__EXERCISE AIM__:
Output exactly the lines that come between the start of the material and the line containing "最後は、お父さん、お母さん、", both ends included, with the pictures omitted.
Top of DATA FOR THIS EXERCISE
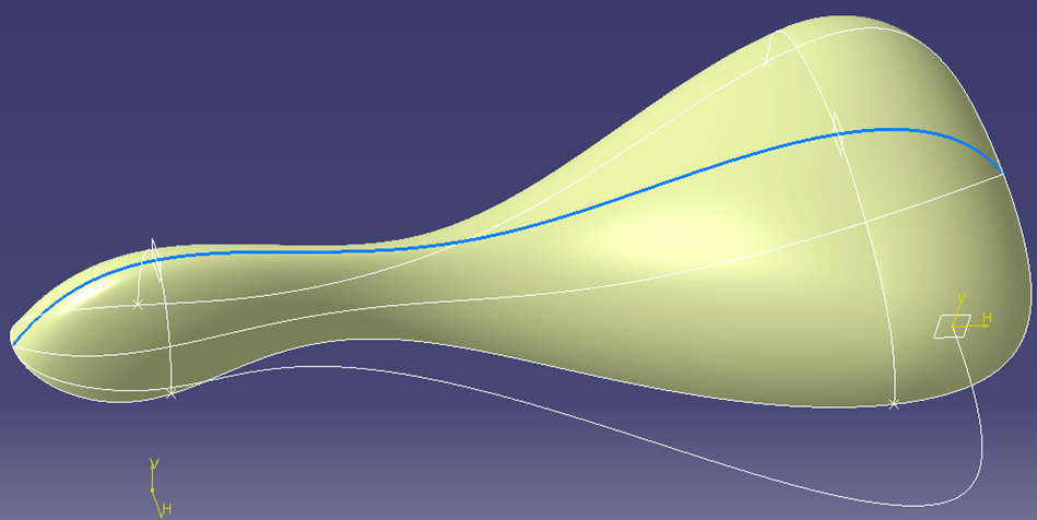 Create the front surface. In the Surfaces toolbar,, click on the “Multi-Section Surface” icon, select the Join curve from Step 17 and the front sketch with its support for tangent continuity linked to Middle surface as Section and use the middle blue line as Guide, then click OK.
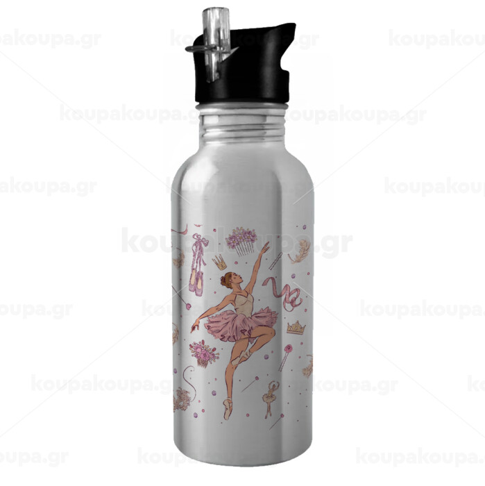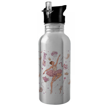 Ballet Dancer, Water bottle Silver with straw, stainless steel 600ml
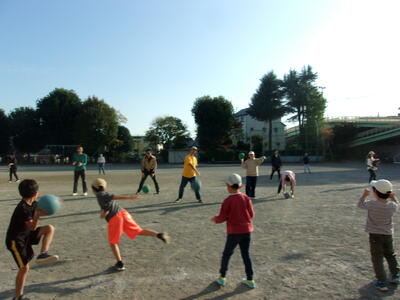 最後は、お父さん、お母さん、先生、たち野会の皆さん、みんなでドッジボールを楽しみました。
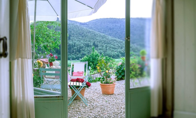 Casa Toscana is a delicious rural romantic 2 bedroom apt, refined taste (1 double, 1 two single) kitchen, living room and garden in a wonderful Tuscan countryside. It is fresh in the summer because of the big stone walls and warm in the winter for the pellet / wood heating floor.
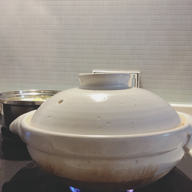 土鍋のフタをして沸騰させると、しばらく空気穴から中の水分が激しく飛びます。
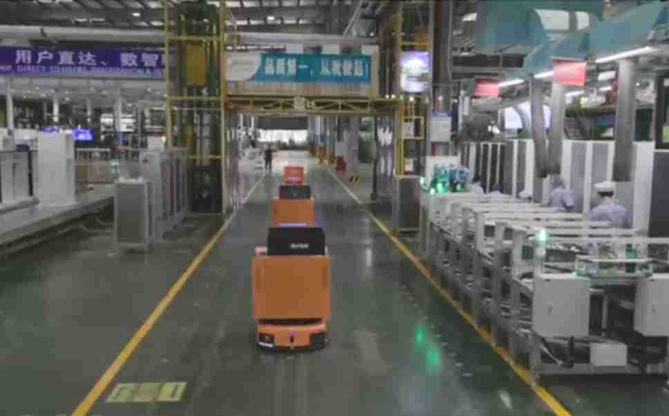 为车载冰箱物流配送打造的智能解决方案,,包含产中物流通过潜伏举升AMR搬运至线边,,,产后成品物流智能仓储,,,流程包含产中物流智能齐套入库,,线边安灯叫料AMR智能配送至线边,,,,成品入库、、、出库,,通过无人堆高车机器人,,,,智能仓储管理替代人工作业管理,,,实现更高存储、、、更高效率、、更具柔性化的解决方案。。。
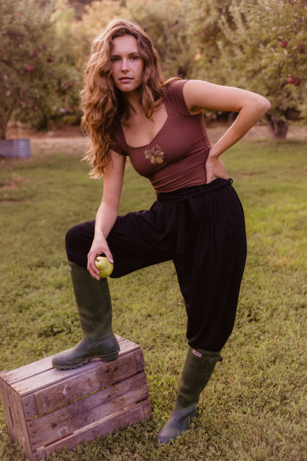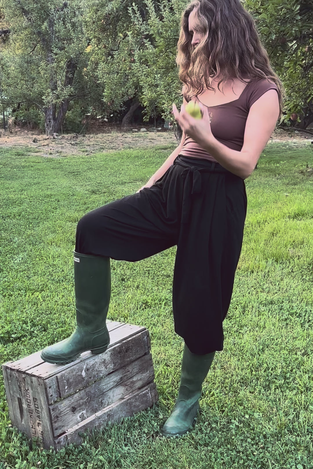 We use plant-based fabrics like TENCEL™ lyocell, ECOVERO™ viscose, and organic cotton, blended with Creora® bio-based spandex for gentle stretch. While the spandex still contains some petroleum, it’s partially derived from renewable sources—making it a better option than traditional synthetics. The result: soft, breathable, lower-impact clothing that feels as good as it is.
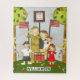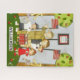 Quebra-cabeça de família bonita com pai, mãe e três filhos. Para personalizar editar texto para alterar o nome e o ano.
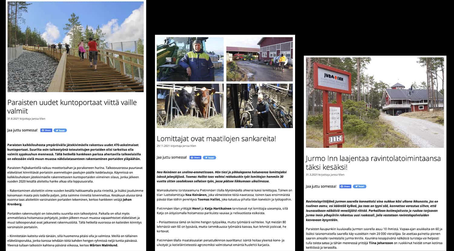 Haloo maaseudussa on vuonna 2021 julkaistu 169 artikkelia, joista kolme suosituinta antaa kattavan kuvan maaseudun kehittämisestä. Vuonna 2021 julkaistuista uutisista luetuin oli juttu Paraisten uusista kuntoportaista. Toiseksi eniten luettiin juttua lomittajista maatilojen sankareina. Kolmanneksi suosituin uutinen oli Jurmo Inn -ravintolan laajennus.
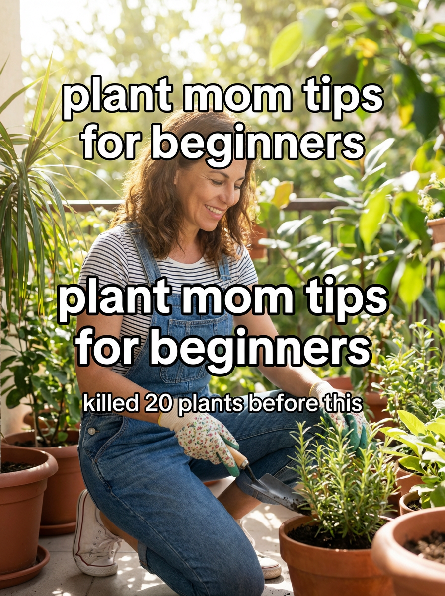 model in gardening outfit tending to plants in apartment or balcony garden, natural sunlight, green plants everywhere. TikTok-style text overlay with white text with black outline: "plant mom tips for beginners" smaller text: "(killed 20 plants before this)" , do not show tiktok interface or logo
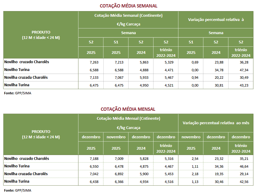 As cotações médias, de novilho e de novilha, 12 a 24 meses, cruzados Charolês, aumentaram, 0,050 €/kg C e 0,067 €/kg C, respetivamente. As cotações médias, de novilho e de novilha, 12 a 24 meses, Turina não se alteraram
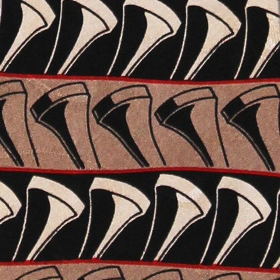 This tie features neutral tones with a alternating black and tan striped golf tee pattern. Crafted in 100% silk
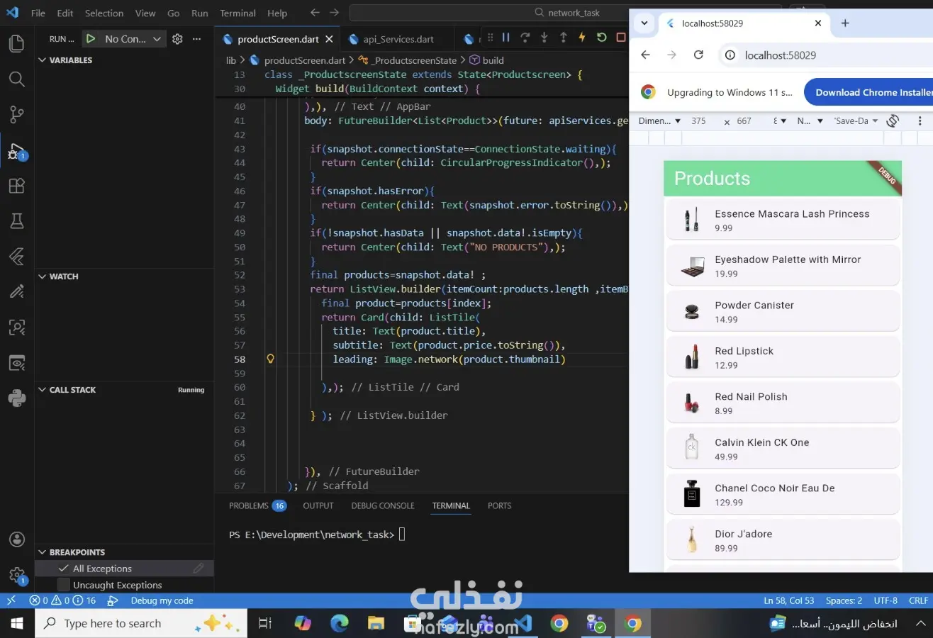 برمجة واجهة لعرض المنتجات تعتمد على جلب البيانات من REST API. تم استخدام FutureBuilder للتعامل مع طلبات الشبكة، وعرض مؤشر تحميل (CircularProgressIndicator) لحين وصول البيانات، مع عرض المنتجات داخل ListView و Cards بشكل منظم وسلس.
Bottom of DATA FOR THIS EXERCISE
__WRITTEN SOLUTION__:
 Create the front surface. In the Surfaces toolbar,, click on the “Multi-Section Surface” icon, select the Join curve from Step 17 and the front sketch with its support for tangent continuity linked to Middle surface as Section and use the middle blue line as Guide, then click OK.
 Ballet Dancer, Water bottle Silver with straw, stainless steel 600ml
 最後は、お父さん、お母さん、先生、たち野会の皆さん、みんなでドッジボールを楽しみました。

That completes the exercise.